I am trying to run this:

METRICS  = [
    ('BinaryDecisionTreeClassifier', {
        'target': 'label',
    }),
   ...
]
rs = sdgym.benchmark_single_table(
        synthesizers=['TVAESynthesizer'],
        show_progress=True,
        sdv_datasets=['adult', 'census', 'intrusion'],
        sdmetrics=METRICS,
    )

This produces the following error:

  0%|          | 0/1 [00:00<?, ?it/s]Metric BinaryDecisionTreeClassifier failed on dataset adult. Skipping.
Traceback (most recent call last):
  File "/usr/local/lib/python3.9/dist-packages/sdgym/benchmark.py", line 166, in _compute_scores
    score = metric.compute(*metric_args, **metric_kwargs.get(metric_name, {}))
  File "/usr/local/lib/python3.9/dist-packages/sdmetrics/single_table/efficacy/base.py", line 127, in compute
    predictions = cls._fit_predict(train_data, train_target, test_data, test_target)
  File "/usr/local/lib/python3.9/dist-packages/sdmetrics/single_table/efficacy/binary.py", line 37, in _fit_predict
    return super()._fit_predict(train_data, train_target, test_data, test_target)
  File "/usr/local/lib/python3.9/dist-packages/sdmetrics/single_table/efficacy/base.py", line 51, in _fit_predict
    test_data = ht.transform(test_data)
  File "/usr/local/lib/python3.9/dist-packages/sdmetrics/utils.py", line 200, in transform
    out = transform_info['one_hot_encoder'].transform(col_data).toarray()
  File "/usr/local/lib/python3.9/dist-packages/sklearn/preprocessing/_encoders.py", line 882, in transform
    X_int, X_mask = self._transform(
  File "/usr/local/lib/python3.9/dist-packages/sklearn/preprocessing/_encoders.py", line 160, in _transform
    raise ValueError(msg)
ValueError: Found unknown categories ['Never-worked'] in column 0 during transform
Metric BinaryAdaBoostClassifier failed on dataset adult. Skipping.
Traceback (most recent call last):
  File "/usr/local/lib/python3.9/dist-packages/sdgym/benchmark.py", line 166, in _compute_scores
    score = metric.compute(*metric_args, **metric_kwargs.get(metric_name, {}))
  File "/usr/local/lib/python3.9/dist-packages/sdmetrics/single_table/efficacy/base.py", line 127, in compute
    predictions = cls._fit_predict(train_data, train_target, test_data, test_target)
  File "/usr/local/lib/python3.9/dist-packages/sdmetrics/single_table/efficacy/binary.py", line 37, in _fit_predict
    return super()._fit_predict(train_data, train_target, test_data, test_target)
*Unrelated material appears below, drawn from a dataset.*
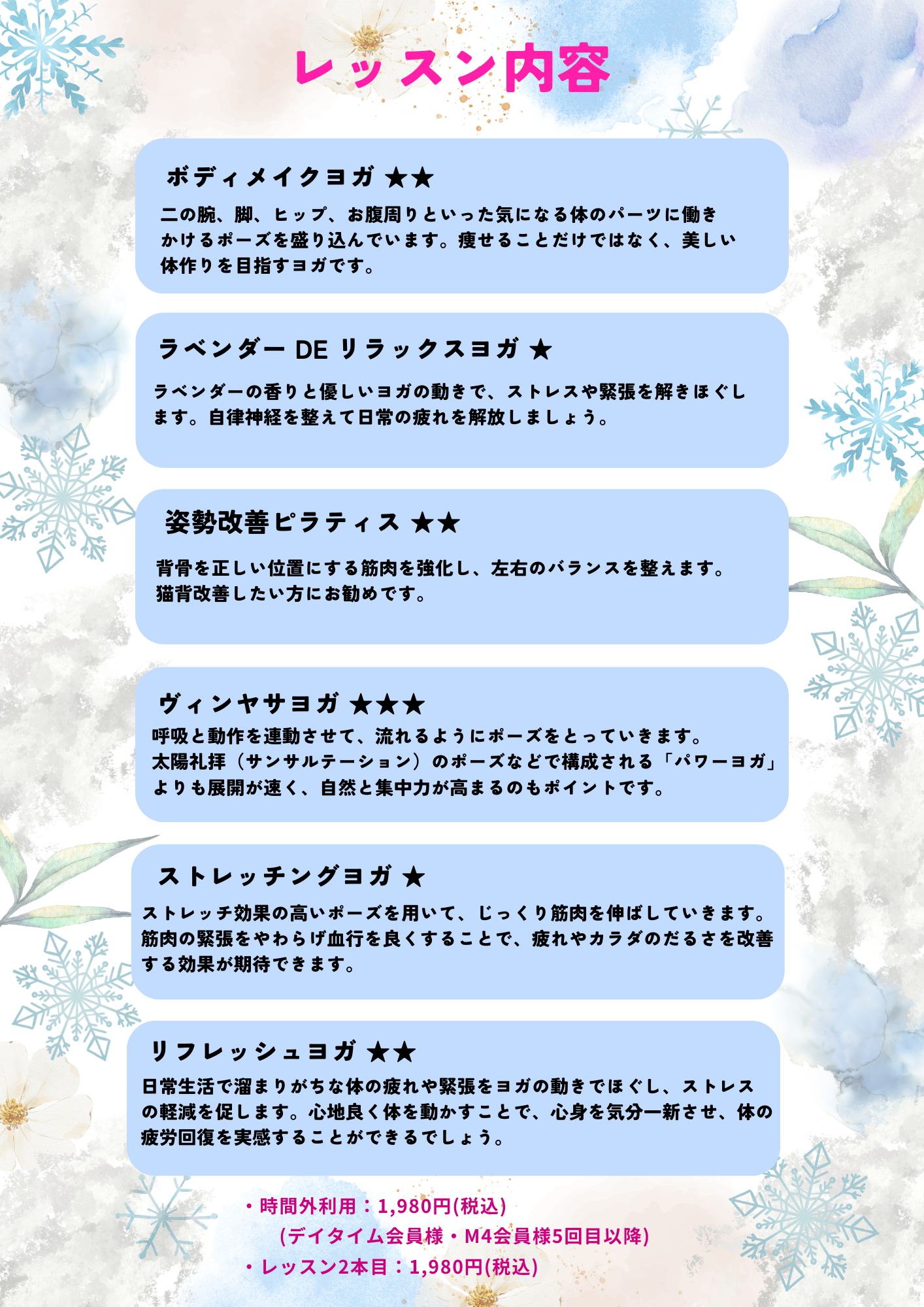 初心者がヨガに親しめるようなプログラムです。一つ一つのポーズをゆっくり丁寧に行いながら呼吸法やヨガの魅力を知ることができるクラスです。

  File "/usr/local/lib/python3.9/dist-packages/sdmetrics/single_table/efficacy/base.py", line 51, in _fit_predict
    test_data = ht.transform(test_data)
  File "/usr/local/lib/python3.9/dist-packages/sdmetrics/utils.py", line 200, in transform
    out = transform_info['one_hot_encoder'].transform(col_data).toarray()
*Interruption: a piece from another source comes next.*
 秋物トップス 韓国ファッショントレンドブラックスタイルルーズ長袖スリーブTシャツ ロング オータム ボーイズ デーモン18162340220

  File "/usr/local/lib/python3.9/dist-packages/sklearn/preprocessing/_encoders.py", line 882, in transform
    X_int, X_mask = self._transform(
  File "/usr/local/lib/python3.9/dist-packages/sklearn/preprocessing/_encoders.py", line 160, in _transform
    raise ValueError(msg)
...
  0%|          | 0/1 [00:00<?, ?it/s]Metric BinaryDecisionTreeClassifier failed on dataset census. Skipping.
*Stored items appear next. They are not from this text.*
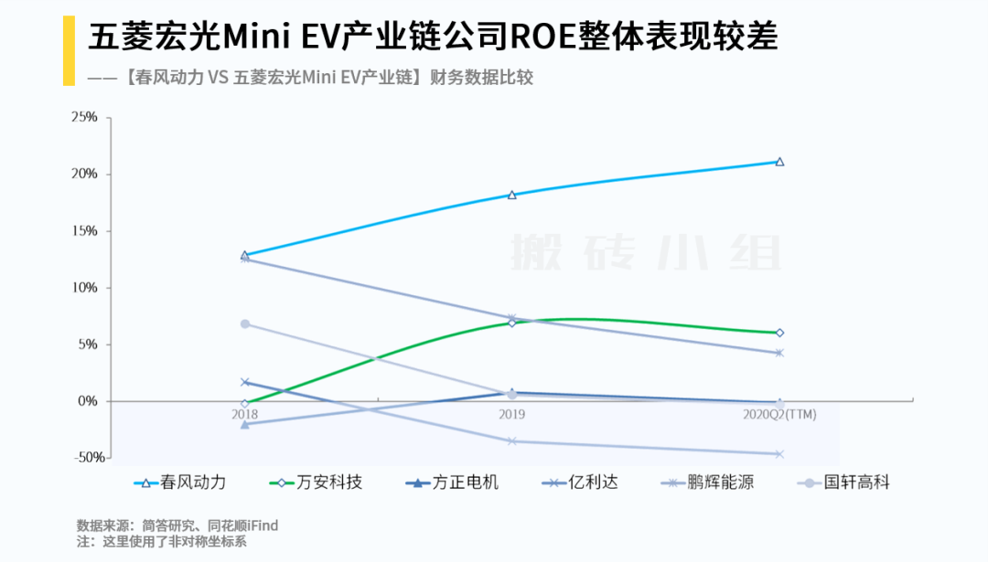 在净利率上,春风动力2019年净利率9.54%,宏光MINI供应链上的公司与春风动力的数据差得还挺远。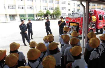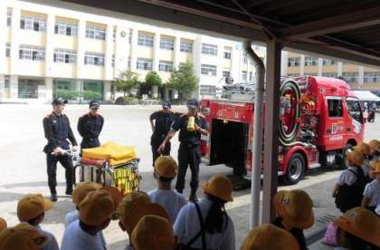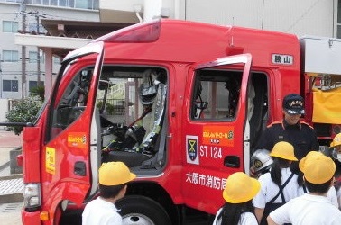 消防署の方による「消防車見学」(1年生〜3年生)がありました。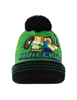 Caciula cu mot, Minecraft Steve & Alex, 54-56 cm, exterior din polar fleece (100% poliester), interior din fir acrilic 100%, potrivita pentru toamna-iarna.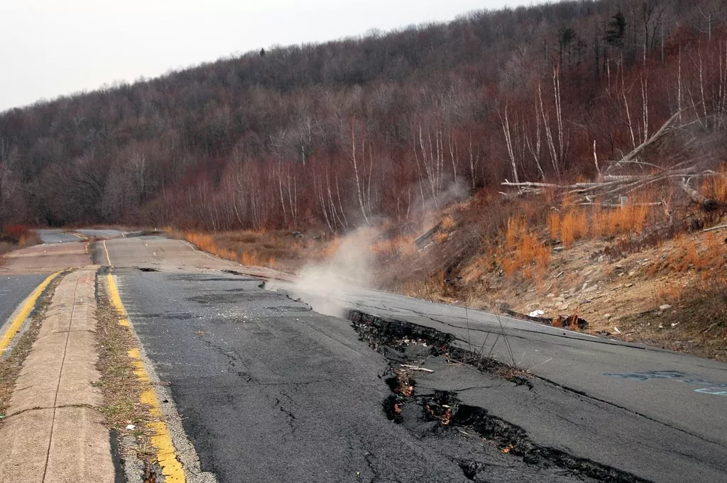 А обстановка ухудшалась с каждым годом. Уголь добывать стало невозможно, шахты и карьеры остановились. Уже и жить в Сентрейлии становилось опасно. Небольшие трещины в земле, сквозь которые иногда выходил дым, стали превращаться в провалы и разломы. Затронули они и дороги, и домохозяйства. А когда во внезапно открывшийся пролом во дворе своего дома чуть не угодил 12-летний мальчик, жители забили тревогу.

Traceback (most recent call last):
  File "/usr/local/lib/python3.9/dist-packages/sdgym/benchmark.py", line 166, in _compute_scores
    score = metric.compute(*metric_args, **metric_kwargs.get(metric_name, {}))
  File "/usr/local/lib/python3.9/dist-packages/sdmetrics/single_table/efficacy/base.py", line 127, in compute
    predictions = cls._fit_predict(train_data, train_target, test_data, test_target)
  File "/usr/local/lib/python3.9/dist-packages/sdmetrics/single_table/efficacy/binary.py", line 37, in _fit_predict
    return super()._fit_predict(train_data, train_target, test_data, test_target)
  File "/usr/local/lib/python3.9/dist-packages/sdmetrics/single_table/efficacy/base.py", line 51, in _fit_predict
    test_data = ht.transform(test_data)
  File "/usr/local/lib/python3.9/dist-packages/sdmetrics/utils.py", line 200, in transform
    out = transform_info['one_hot_encoder'].transform(col_data).toarray()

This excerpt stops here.